* **What is required**: Restate word for word the lines of the material below, from the line with "Skórzany portfel damski" to the line with "[제주교통복지신문 김강석 기자]", both lines included, and no others.

* **Provided entries**:
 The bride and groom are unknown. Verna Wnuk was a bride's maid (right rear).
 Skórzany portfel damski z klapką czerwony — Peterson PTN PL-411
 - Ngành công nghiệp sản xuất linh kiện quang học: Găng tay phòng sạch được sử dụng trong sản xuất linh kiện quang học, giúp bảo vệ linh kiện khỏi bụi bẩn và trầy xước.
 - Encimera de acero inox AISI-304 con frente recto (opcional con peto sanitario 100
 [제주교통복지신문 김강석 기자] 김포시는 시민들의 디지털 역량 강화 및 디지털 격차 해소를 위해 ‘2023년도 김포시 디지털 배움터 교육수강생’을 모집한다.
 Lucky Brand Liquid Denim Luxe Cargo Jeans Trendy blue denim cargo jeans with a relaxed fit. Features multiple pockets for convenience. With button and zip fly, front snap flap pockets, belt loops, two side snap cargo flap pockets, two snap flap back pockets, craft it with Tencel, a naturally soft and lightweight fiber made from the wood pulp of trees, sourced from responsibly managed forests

--

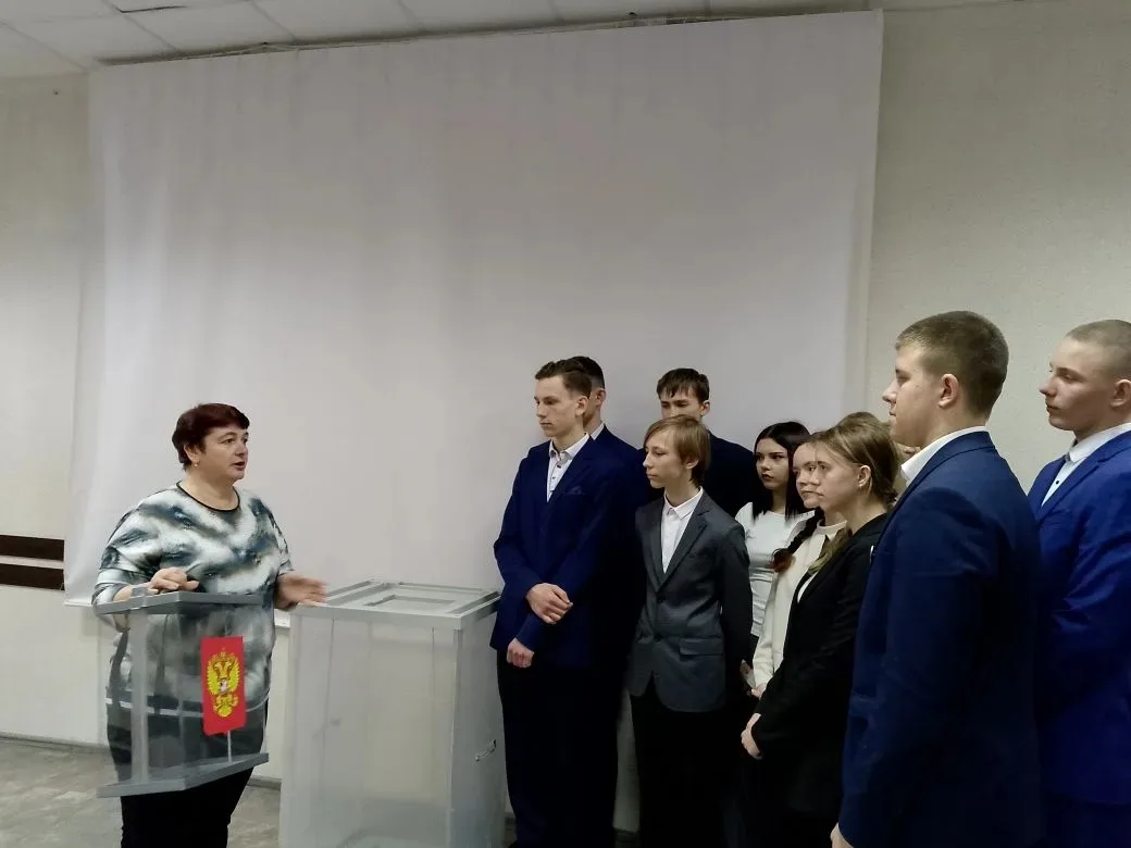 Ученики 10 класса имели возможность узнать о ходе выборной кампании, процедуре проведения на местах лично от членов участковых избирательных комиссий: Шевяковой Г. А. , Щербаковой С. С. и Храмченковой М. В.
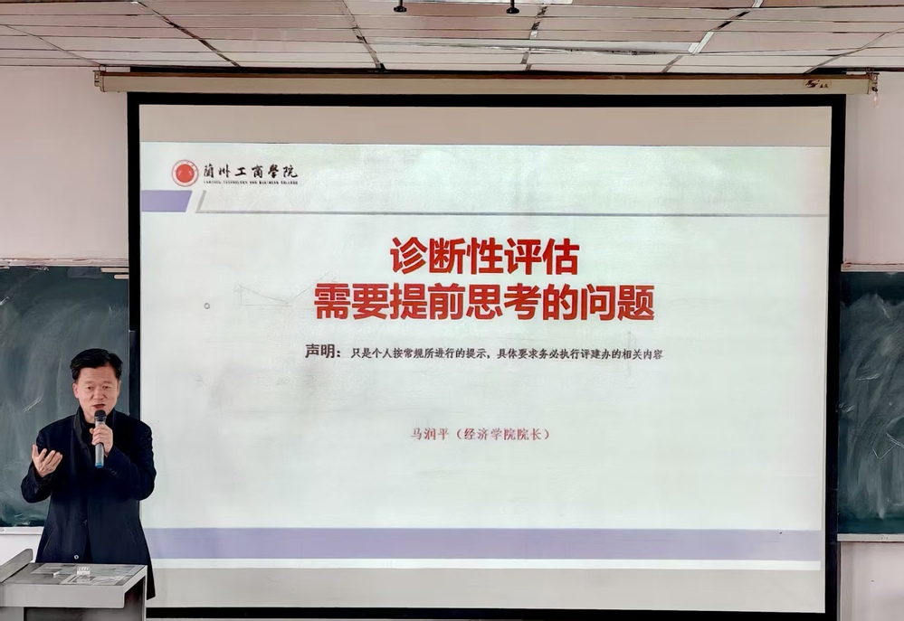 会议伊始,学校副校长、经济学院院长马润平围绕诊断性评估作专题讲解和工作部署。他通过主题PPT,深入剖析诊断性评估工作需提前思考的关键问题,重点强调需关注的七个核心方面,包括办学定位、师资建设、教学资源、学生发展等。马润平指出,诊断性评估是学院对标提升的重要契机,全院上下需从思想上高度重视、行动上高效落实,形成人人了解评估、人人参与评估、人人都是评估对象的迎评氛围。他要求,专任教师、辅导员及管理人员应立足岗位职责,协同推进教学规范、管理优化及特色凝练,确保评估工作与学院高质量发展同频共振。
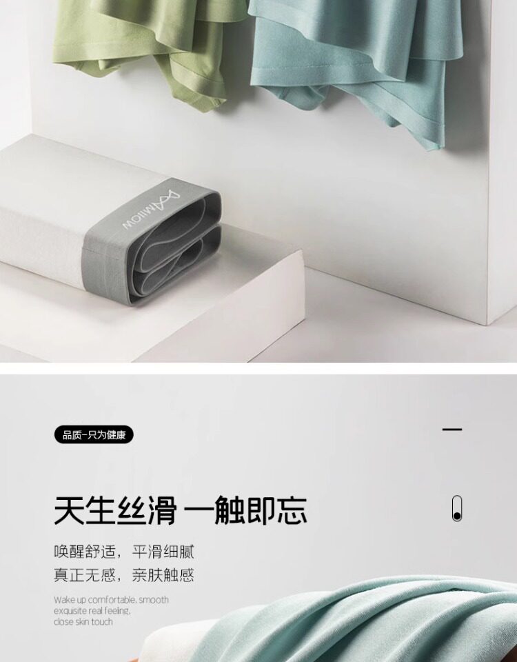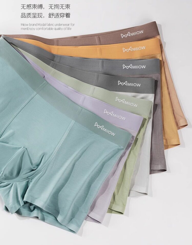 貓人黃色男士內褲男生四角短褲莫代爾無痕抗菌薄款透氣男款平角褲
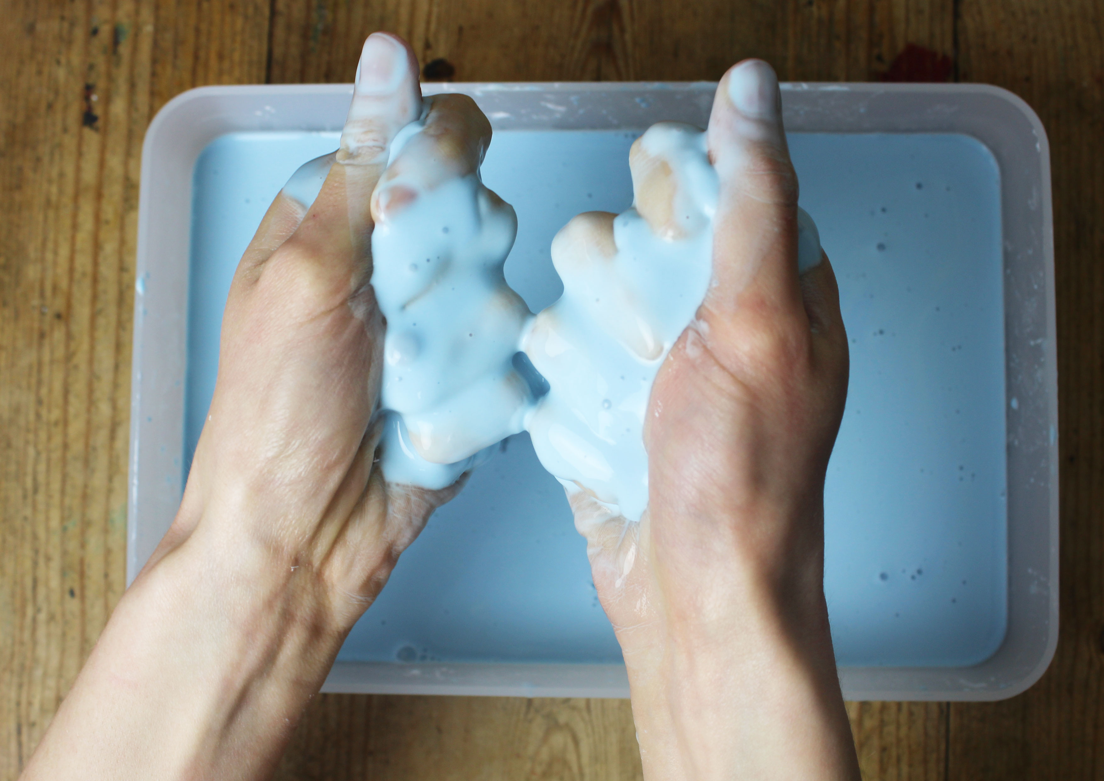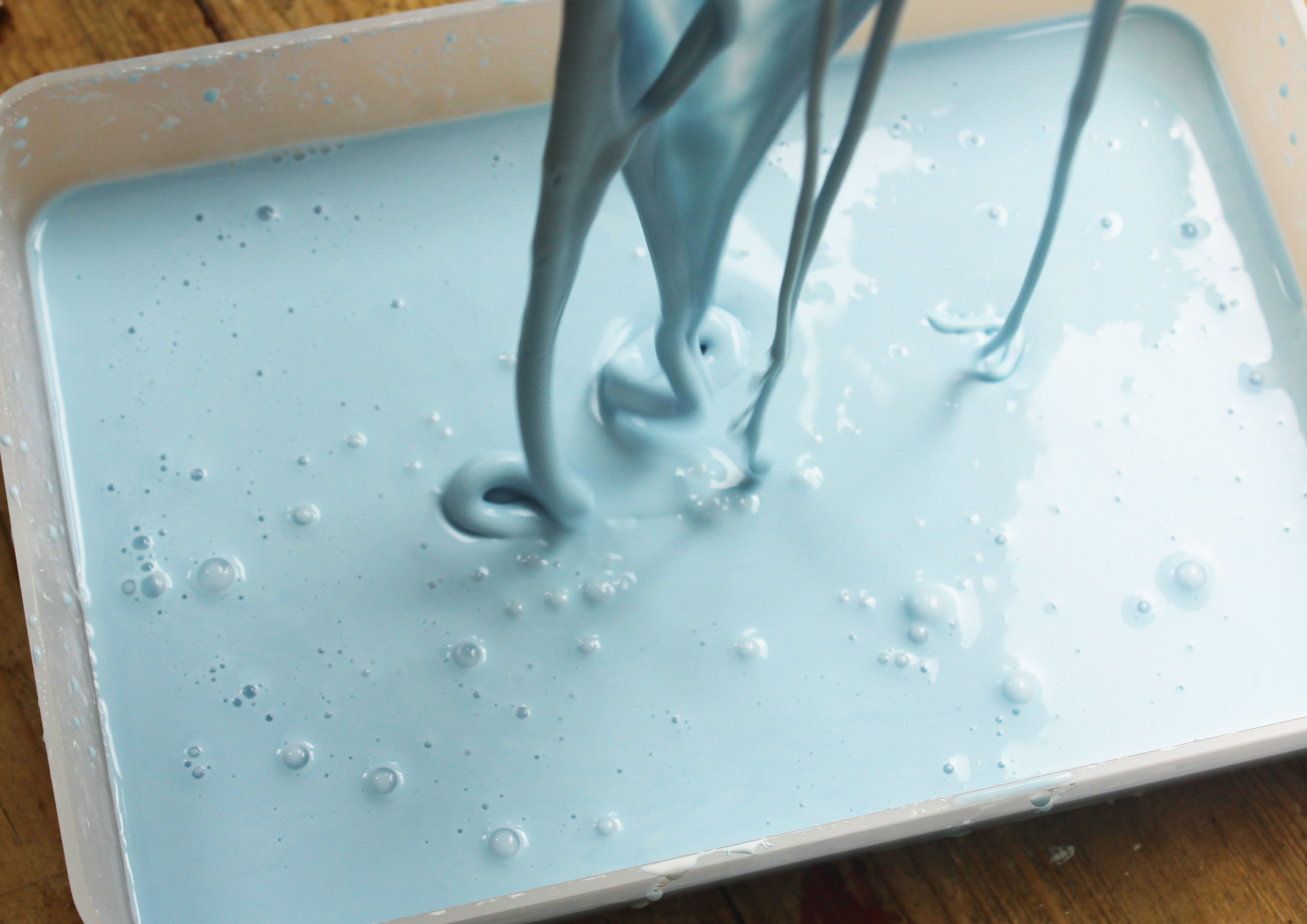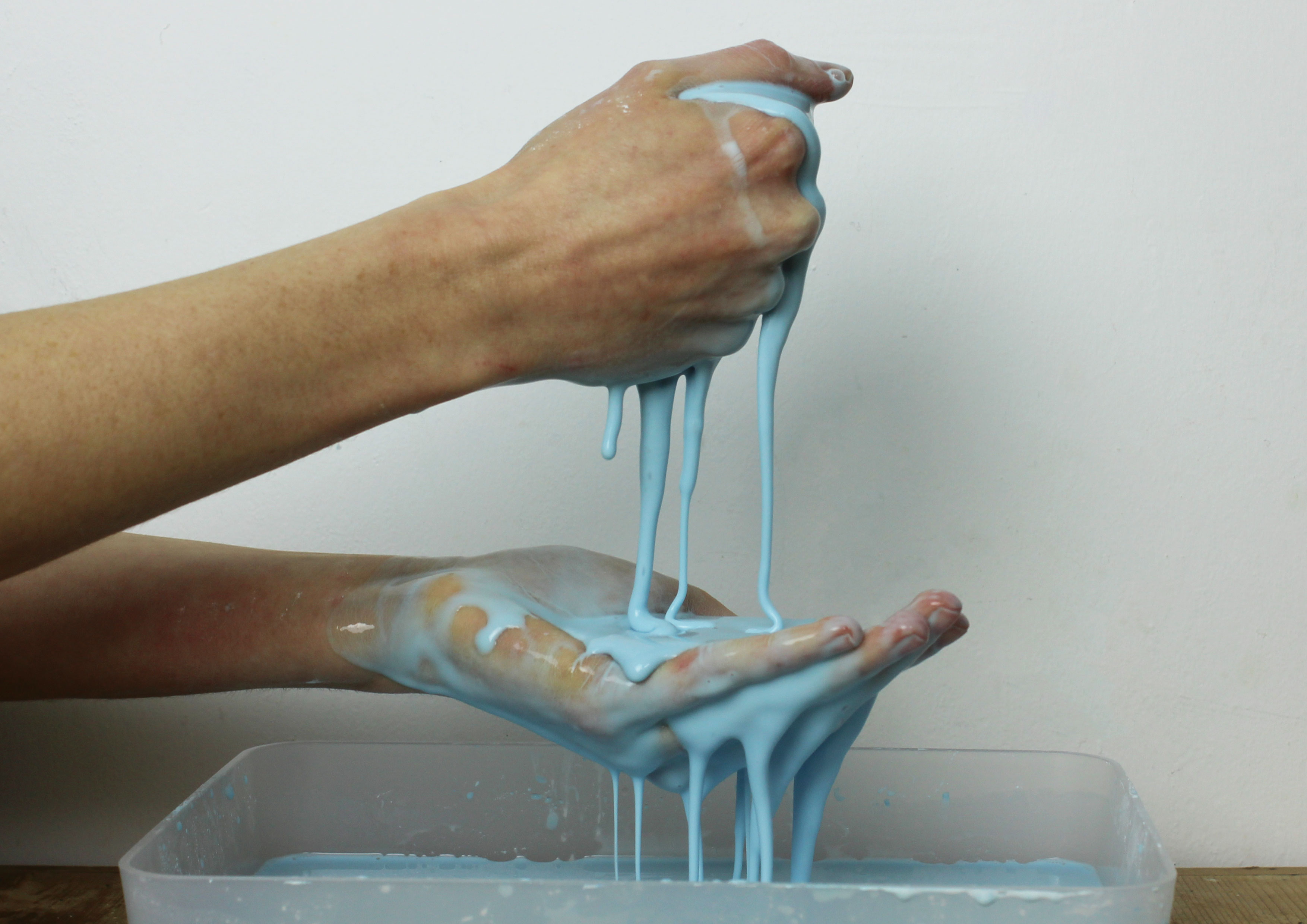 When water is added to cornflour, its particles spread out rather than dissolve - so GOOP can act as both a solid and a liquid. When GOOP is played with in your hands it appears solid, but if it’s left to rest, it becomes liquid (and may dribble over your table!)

* * *

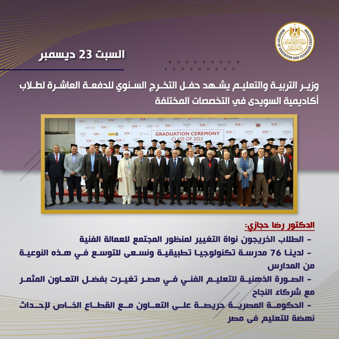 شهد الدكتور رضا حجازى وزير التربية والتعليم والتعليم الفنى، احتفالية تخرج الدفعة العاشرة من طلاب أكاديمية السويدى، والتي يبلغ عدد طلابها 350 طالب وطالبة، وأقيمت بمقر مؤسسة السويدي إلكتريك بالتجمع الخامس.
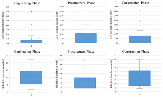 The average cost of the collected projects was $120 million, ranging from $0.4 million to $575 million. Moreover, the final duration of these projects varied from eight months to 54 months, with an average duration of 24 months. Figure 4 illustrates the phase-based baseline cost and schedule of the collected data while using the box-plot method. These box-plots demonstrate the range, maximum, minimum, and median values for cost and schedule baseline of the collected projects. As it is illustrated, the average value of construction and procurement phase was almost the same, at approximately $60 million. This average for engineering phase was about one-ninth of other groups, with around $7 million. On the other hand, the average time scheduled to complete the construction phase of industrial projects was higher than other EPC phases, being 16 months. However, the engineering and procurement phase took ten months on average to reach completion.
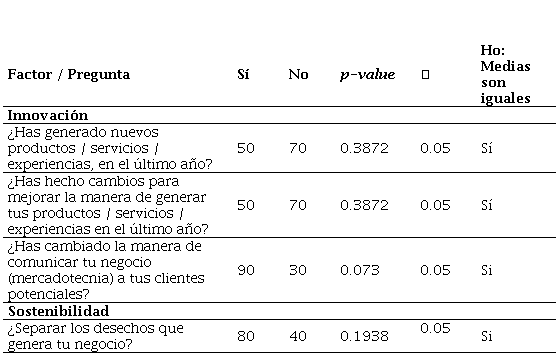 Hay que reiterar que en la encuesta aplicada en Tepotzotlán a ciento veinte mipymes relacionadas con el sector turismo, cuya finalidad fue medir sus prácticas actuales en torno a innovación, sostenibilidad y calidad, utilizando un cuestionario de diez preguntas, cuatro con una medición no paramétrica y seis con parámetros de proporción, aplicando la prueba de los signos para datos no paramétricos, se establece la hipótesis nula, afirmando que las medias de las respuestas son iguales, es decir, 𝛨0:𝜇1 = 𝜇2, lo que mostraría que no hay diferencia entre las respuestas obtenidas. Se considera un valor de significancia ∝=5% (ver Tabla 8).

* **Result of the task**:
 Skórzany portfel damski z klapką czerwony — Peterson PTN PL-411
 - Ngành công nghiệp sản xuất linh kiện quang học: Găng tay phòng sạch được sử dụng trong sản xuất linh kiện quang học, giúp bảo vệ linh kiện khỏi bụi bẩn và trầy xước.
 - Encimera de acero inox AISI-304 con frente recto (opcional con peto sanitario 100
 [제주교통복지신문 김강석 기자] 김포시는 시민들의 디지털 역량 강화 및 디지털 격차 해소를 위해 ‘2023년도 김포시 디지털 배움터 교육수강생’을 모집한다.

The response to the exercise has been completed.